Mary Scott Hogarth (1820 – 1837) was a sister-in-law to Charles Dickens whose death at an early age profoundly affected the author.

 

Early Life.

Mary Scott Hogarth was born in Edinburgh in 1819. Mary was one of ten children, including Catherine Hogarth (1815) and Georgina Hogarth (1827). Her father, George Hogarth, was a talented writer and worked as a journalist for the Edinburgh Courant.
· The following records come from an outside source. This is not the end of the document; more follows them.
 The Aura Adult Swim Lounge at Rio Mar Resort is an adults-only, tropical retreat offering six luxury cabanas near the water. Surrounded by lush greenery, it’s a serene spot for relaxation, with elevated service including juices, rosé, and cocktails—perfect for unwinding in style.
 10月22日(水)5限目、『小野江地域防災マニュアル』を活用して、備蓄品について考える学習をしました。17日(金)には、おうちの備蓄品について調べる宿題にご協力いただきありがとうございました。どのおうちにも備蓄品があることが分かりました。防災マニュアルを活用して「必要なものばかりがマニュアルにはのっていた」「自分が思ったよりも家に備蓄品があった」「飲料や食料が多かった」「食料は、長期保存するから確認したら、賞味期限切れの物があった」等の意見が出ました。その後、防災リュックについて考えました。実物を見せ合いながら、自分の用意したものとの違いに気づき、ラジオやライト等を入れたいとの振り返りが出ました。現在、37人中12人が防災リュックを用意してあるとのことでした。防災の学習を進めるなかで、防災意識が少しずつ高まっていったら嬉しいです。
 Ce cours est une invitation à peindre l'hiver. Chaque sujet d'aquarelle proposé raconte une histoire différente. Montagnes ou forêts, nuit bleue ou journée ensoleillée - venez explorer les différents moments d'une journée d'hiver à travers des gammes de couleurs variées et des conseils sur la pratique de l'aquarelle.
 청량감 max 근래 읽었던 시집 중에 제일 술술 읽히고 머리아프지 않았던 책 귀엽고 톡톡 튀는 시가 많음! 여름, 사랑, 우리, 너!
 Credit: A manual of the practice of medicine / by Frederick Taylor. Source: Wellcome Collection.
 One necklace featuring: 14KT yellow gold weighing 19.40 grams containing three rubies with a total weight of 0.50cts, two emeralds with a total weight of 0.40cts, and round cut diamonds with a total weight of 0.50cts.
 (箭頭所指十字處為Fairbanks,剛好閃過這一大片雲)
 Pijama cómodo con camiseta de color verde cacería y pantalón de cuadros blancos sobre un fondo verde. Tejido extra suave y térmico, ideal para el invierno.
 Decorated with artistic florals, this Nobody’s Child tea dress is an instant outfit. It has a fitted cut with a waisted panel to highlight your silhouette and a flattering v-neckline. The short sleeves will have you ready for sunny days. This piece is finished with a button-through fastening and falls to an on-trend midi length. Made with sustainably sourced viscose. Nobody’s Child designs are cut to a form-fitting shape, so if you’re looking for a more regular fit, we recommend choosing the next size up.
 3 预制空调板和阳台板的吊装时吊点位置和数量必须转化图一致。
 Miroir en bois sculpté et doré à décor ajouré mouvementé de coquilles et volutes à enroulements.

In 1834 she moved along with her family to London where her father had taken a job as a music critic for the The Morning Chronicle. The family lived at Queen’s Elm, Brompton, then a rural area of orchards and market gardens on the fringes of the city.

 

Doughty Street.

Mary Hogarth entered Dickens’s Doughty Street household to offer support to her newly married sister, Catherine and brother-in-law. It was not unusual for the unwed sister of a new wife to live with and help a newly married couple. Charles Dickens became very attached to Mary.

 

Death.

Mary died after a brief illness in the arms of Charles Dickens on 7 May 1837.

Charles arranged to have Mary buried in Kensal Green Cemetery and composed her epitaph.

MARY SCOTT HOGARTH
YOUNG BEAUTIFUL AND GOOD
GOD IN HIS MERCY
NUMBERED HER WITH HIS ANGELS
AT THE EARLY AGE OF
SEVENTEEN

 

Characters.

Rose Maylie in Oliver Twist is the first of many Dickens characters based on Mary.

She was not past seventeen. Cast in so slight and exquisite a mould; so mild and gentle; so pure and beautiful; the earth seemed not her element, nor its rough creatures her fit companions.

Like Mary, Rose is struck with a sudden deathly illness. Unlike her, she survives.

Her death is also fictionalised as the death of Little Nell in The Old Curiosity Shop.